In 2008, Bugingo acted in Kiwani as Kaggwa beside Juliana Kanyomozi. Together with Henry H Ssali, he also co-directed the movie. While still with Theatre Factory, he joined Scanad Uganda Limited, an advertising agency, in 2008. He worked there until 2011, when Metropolitan Republic headhunted him as a copy writer. It was during this time that Bugingo won a bronze medal with Metropolitan Republic at The Loerie Awards for the MTN SIM card registration campaign.

2010–present
In January 2010, Bugingo, together with thirteen other members, after a disagreement with the administration of Theatre Factory, broke away and formed a new group called Fun Factory Uganda. He became its general manager.

In 2013, Bugingo quit his job as a creative strategist at Metropolitan Republic to concentrate on Fun Factory Uganda and the advertising agency that he and his friends had opened, called KIB Marketing and Advertising Agency.

In 2015, he produced the film Situka. "The project, meant to encourage youths to 'stand up' (Situka) for their rights, think of the future...is a story that covers the entire country, Africa, and the globe".

In February 2019, The Uganda Comedians Association (TUCA) was formed and Bugingo was elected as the founding president, while promising to wipe out vulgarity from the comedy industry. As TUCA head, he wrote to president Yoweri Museveni to push for enforcement of copyright law to protect the works of Ugandan artists.

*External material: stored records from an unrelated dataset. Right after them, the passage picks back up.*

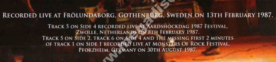 Limitowana do 500 egzemplarzy, na dwóch czarnych winylach, francuska pełna edycja (wraz z solówkami na basie i gitarze - pominiętymi na trwającej 80 minut wersji CD Top Gear) 90-minutowego, kapitalnego występu Metalliki ze szwedzkiego Goteborga, z 13 lutego 1987 roku. Dodatkowo zamieszczono trzy rzadkie nagrania świetnej jakości z trasy "Garage EP" ("Leper Messiah", "Blitzkrieg" i "Last Caress")! Ten koncert odbył się trzy dni po występie grupy w Katowicach - podsumowywał pierwszą europejską trasę z nowym wówczas basistą Jasonem Newstedem! O ile katowicki występ istnieje na bootlegach w fatalnej jakości dźwieku, to Goteborg został transmitowany przez radio i w mojej ocenie obok Seattle 1989 (z oficjalnego boksu "Live Shit & Binge") jest to najlepszy i najlepiej nagrany koncert Metalliki z całych lat 80-tych!!! Jakość dźwięku jest niemal idealna, zestaw nagrań pochodzi z pierwszych trzech albumów i jest jak marzenie! Zespół zagrał solidnie, czysto i nieco ostrzej niż na płytach, a wciąż selektywnie! Poza tym była to ostatnia trasa kiedy James Hetfield śpiewał w wyższej tonacji - już dwa lata potem zaczął oszczędzać głos... Kapitalna, laminowana okładka i bardzo dobra jakość dźwięku! Stan: NOWA, niezafoliowana. To jest absolutny mus dla wszystkich fanów ciężkiego grania! (JL)
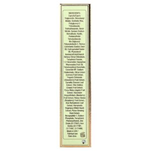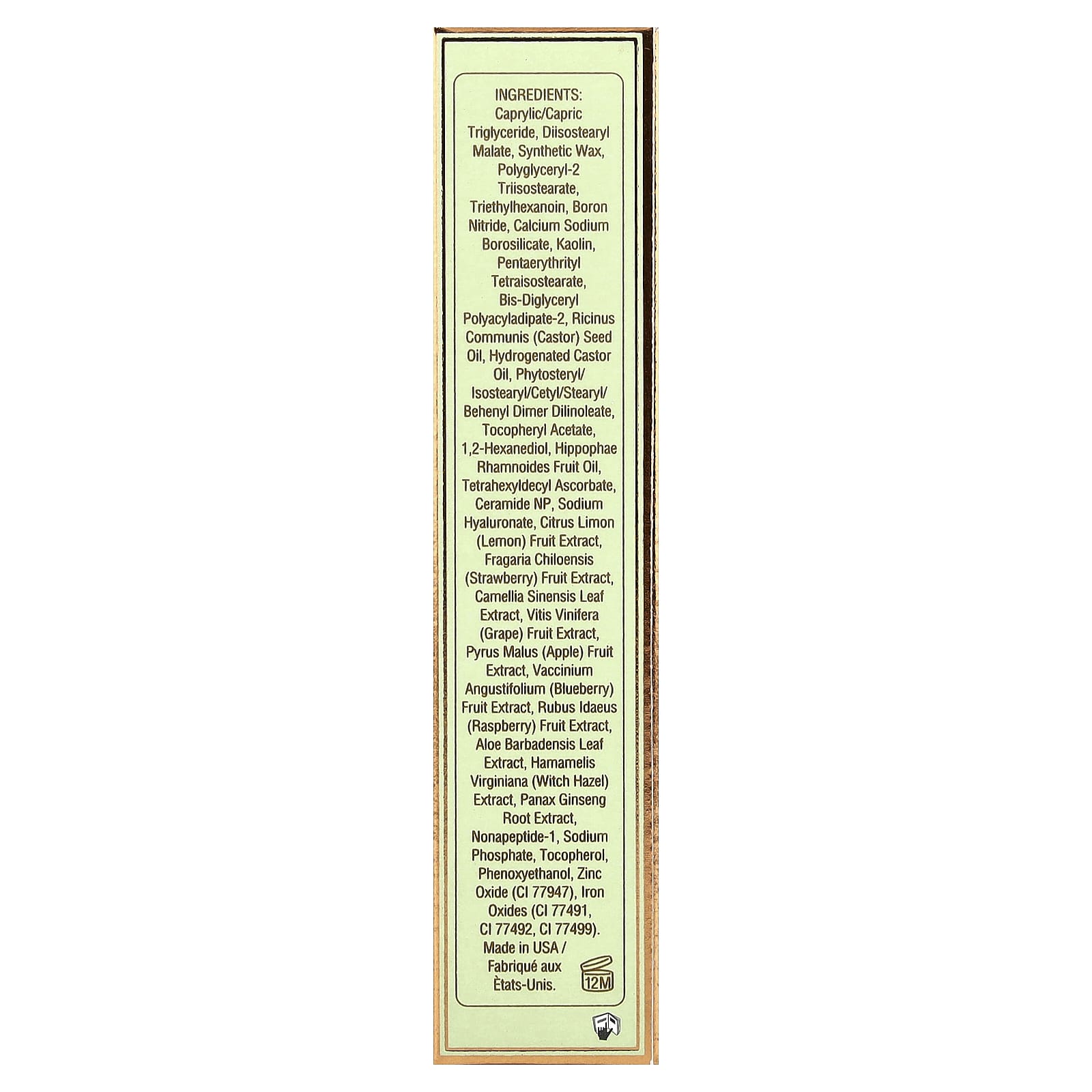 Caprylic/capric triglyceride, diisostearyl malate, cera sintética, polyglyceryl-2 triisostearate, triethylhexanoin, nitreto de boro, calcium sodium borosilicate, caulim, pentaerythrityl tetraisostearate, bis-diglyceryl polyacyladipate-2, óleo da semente de Ricinus communis (rícino), óleo de rícino hidrogenado, fitoesterol/isoestearílico/cetil/estearil/behenyl dimer dilinoleate, acetato de tocoferol, 1,2-hexanediol, óleo da fruta de Hippophae rhamnoides, tetrahexidecil ascorbato, ceramida NP, hialuronato de sódio, extrato da fruta Citrus limon (limão-siciliano), extrato da fruta de Fragaria chiloensis (morango), extrato da folha de Camellia sinensis, extrato da fruta de Vitis vinifera (uva), extrato da fruta de Pyrus malus (maçã), extrato da fruta de Vaccinium angustifolium (mirtilo), extrato da fruta de Rubus idaeus (framboesa), extrato da folha de Aloe barbadensis, extrato de Hamamelis virginiana (hamamélis), extrato da raiz de Panax ginseng, nonapeptídeo-1, fosfato de sódio, tocoferol, fenoxietanol, óxido de zinco (CI 77947), óxidos de ferro (CI 77491, ci 77492, CI 77499).
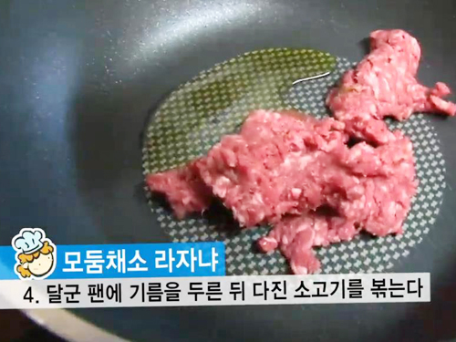 4. 기름을 두른 팬에 다진 소고기를 볶아준다.
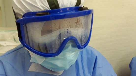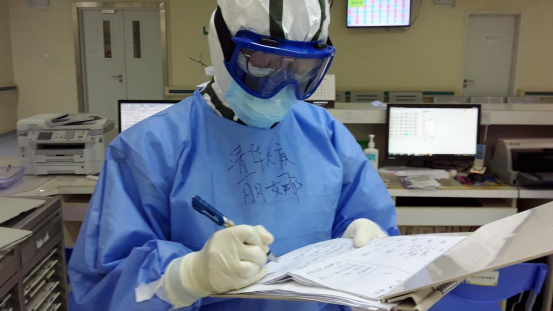 我们穿着几层厚厚的防护服在病房里穿梭,身上的汗湿了干,干了湿。每每帮病人翻身、换床单位后,都有种想摘掉口罩深吸一口气来缓解此刻的喘憋感。戴上护目镜严重影响了视线,在执行各种穿刺时就很困难,但是值得我得意的是不论是留置针、静脉采血、动脉采血,全部都是一针见成功。
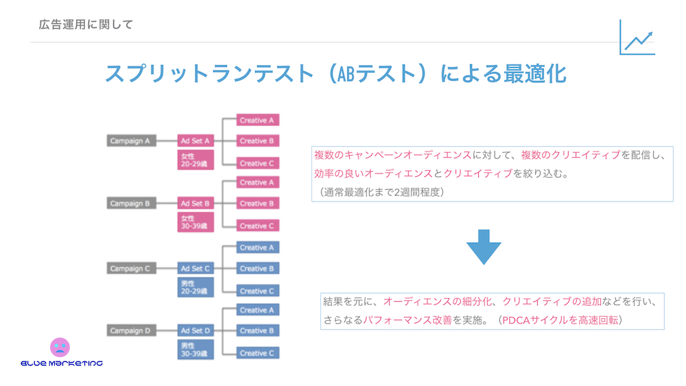 大凡3ヶ月で「どのキーワードがとれるのか?」「取れるバナークリエイティブの傾向」といった目安がわかるため運用最適化が完了します。
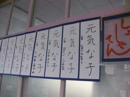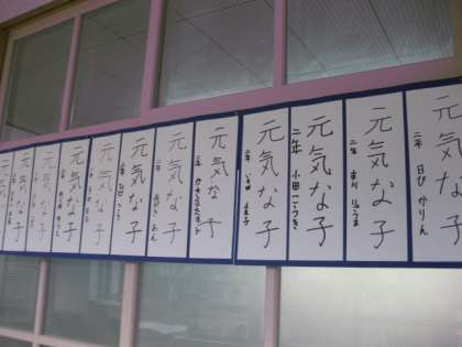 2年生は,フェルトペンで「元気な子」と書きました。本当に元気な字で書けていますね。
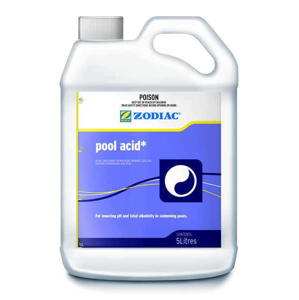 Zodiac Liquid Pool Acid will lower the pH and total alkalinity in swimming pools and spas.

In 2020, Bugingo raised money to launch the career of up-and-coming artist Razor Blade Lutabalala.

Personal life
Bugingo, or "Bujju", as he is commonly known in the comedy industry married Esther Mirembe Bugingo on 18 September 2009. His wife works with the Ministry of Gender, Labour and Social Development.

In January 2019, the government of Uganda proposed a bill suggesting every artist should be registered under the Ministry of Gender, Labour and Social Development. In that proposed bill, every artist had to first get authorization from the ministry before shooting a video. Bugingo had this to say about it: "We are not trying to fight the government; neither are we saying that all points highlighted in the bill are wrong. But as artistes, we were not represented well. Our biggest problems are not performing for more than two hour or drugs, but copyright. The government will definitely earn much if they pass this bill, but what is in for us artistes?"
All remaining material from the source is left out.